Diagnosis for Mycoplasma pneumoniae usually relies on serological tests. PCR technology has some advantages but also limitations. The optimal selection for these tests still needs discussion. This paper reviews the overall diagnostic accuracy of PCR versus serological assays for diagnosis of M. pneumoniae infections and to identify factors associated with heterogeneity of results.


MEDLINE and Embase databases were searched. Articles meeting the selection criteria were retrieved for data collection and analysis. Studies were assessed for methodological quality using QUADAS. Hierarchial summary receiver operating characteristic (HSROC) model was used to estimate summary ROC curve.


Initial meta-analysis showed a summary estimate of sensitivity (SEN) 0.62 (95% CI, 0.45-0.76), and specificity (SPE) 0.96 (95% CI, 0.93-0.98).

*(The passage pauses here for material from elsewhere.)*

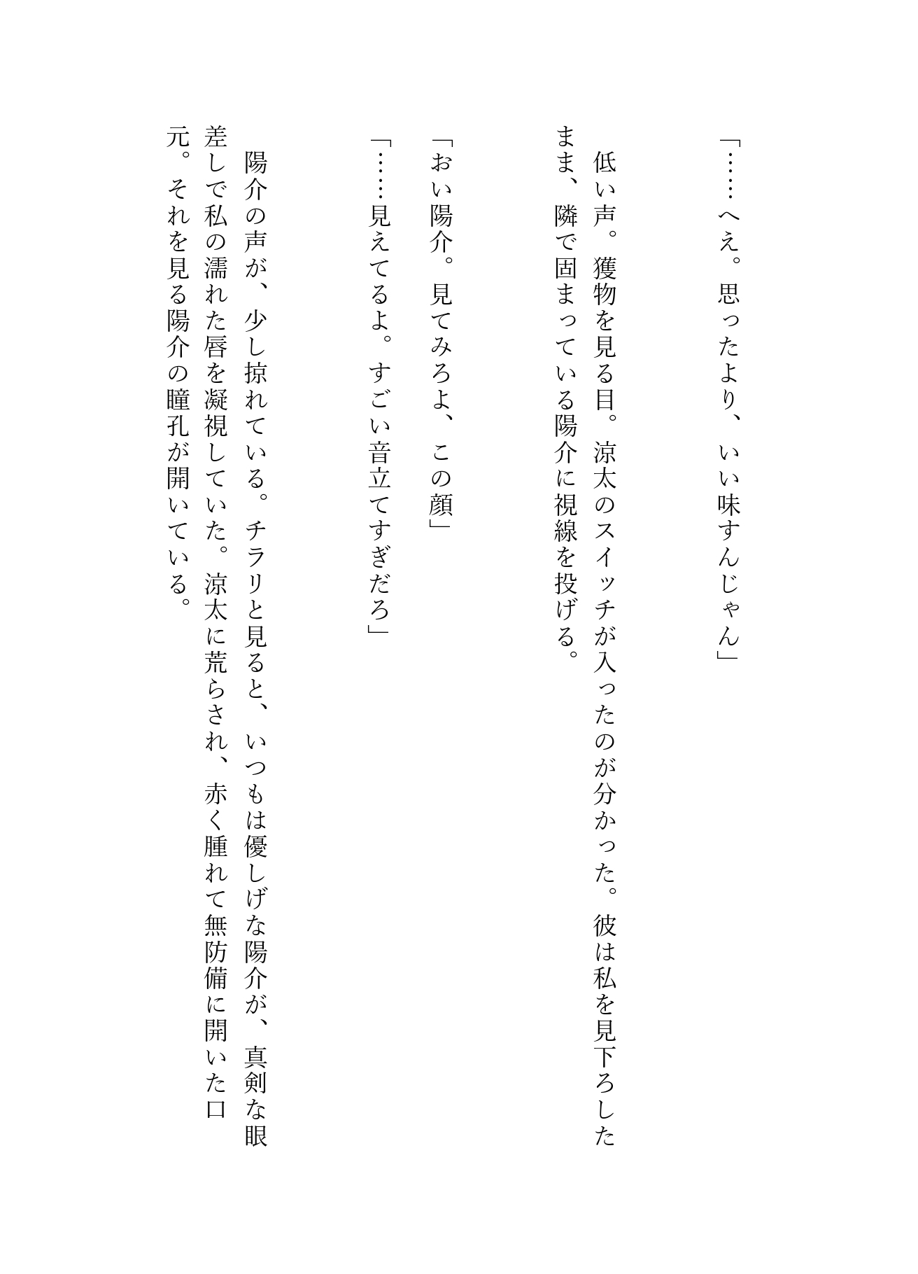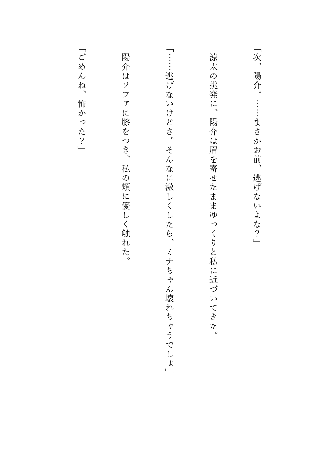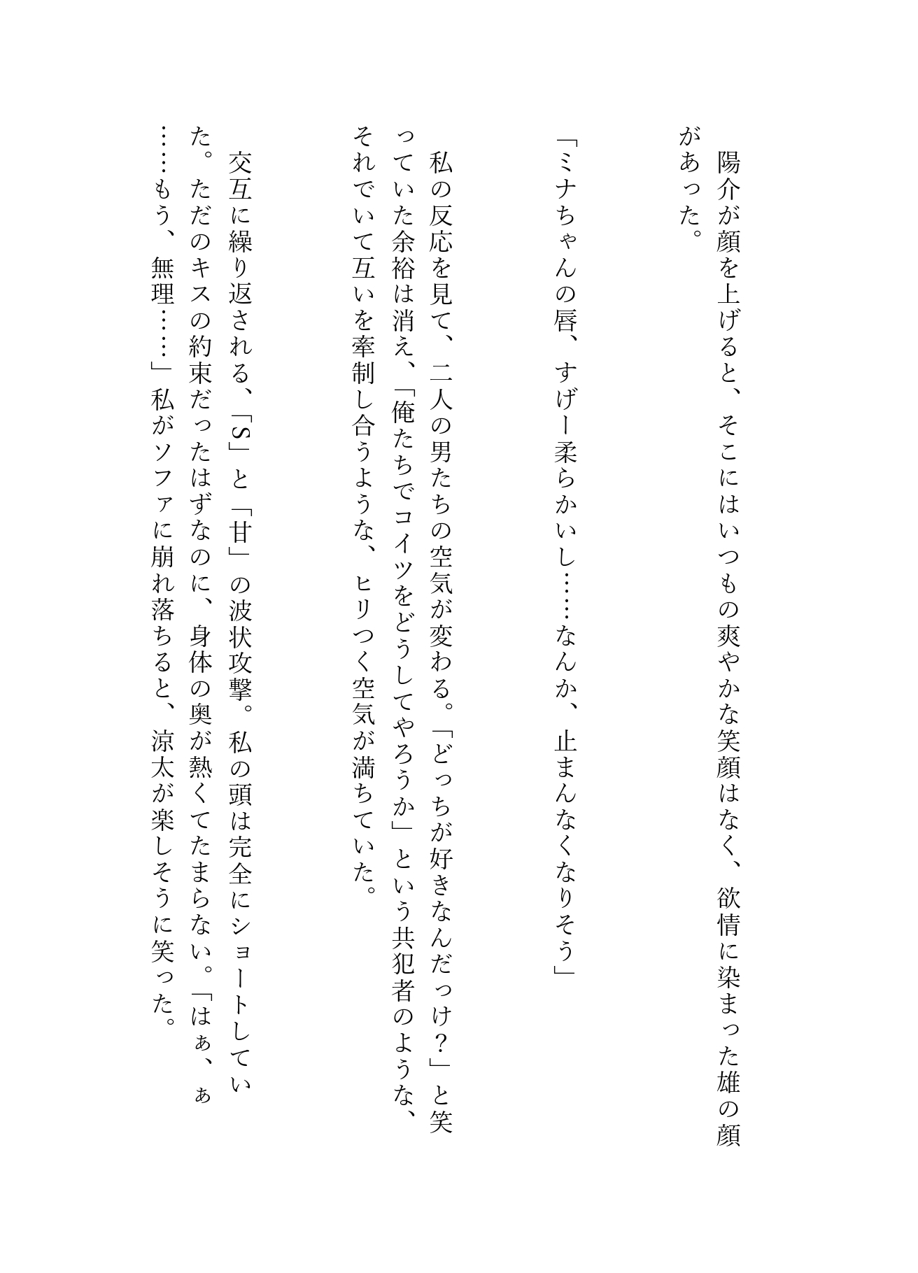 推しのキスが見たい一心でマンションへついて行ったミナを待っていたのは、ドSな涼太と、甘く執着する陽介による、逃げ場のない濃厚3Pセックスだった――。

Subgroup analyses were performed to identify factors associated with heterogeneity. For different gene targets, reference standards, subjects (children or adults) and different PCR types, these aspects can generate results of heterogeneity. The 16s rDNA target and adult subjects and real-time PCR may have better test results for PCR.


Commercial PCR tests generated consistent results with high specificity but a lower and more variable sensitivity. The findings suggest commercial PCR tests having superiorities in diagnosing M. pneumoniae infections but still cannot replace serology. PCR plus serology could be good screening tests for reliable and accurate diagnosis of M. pneumoniae.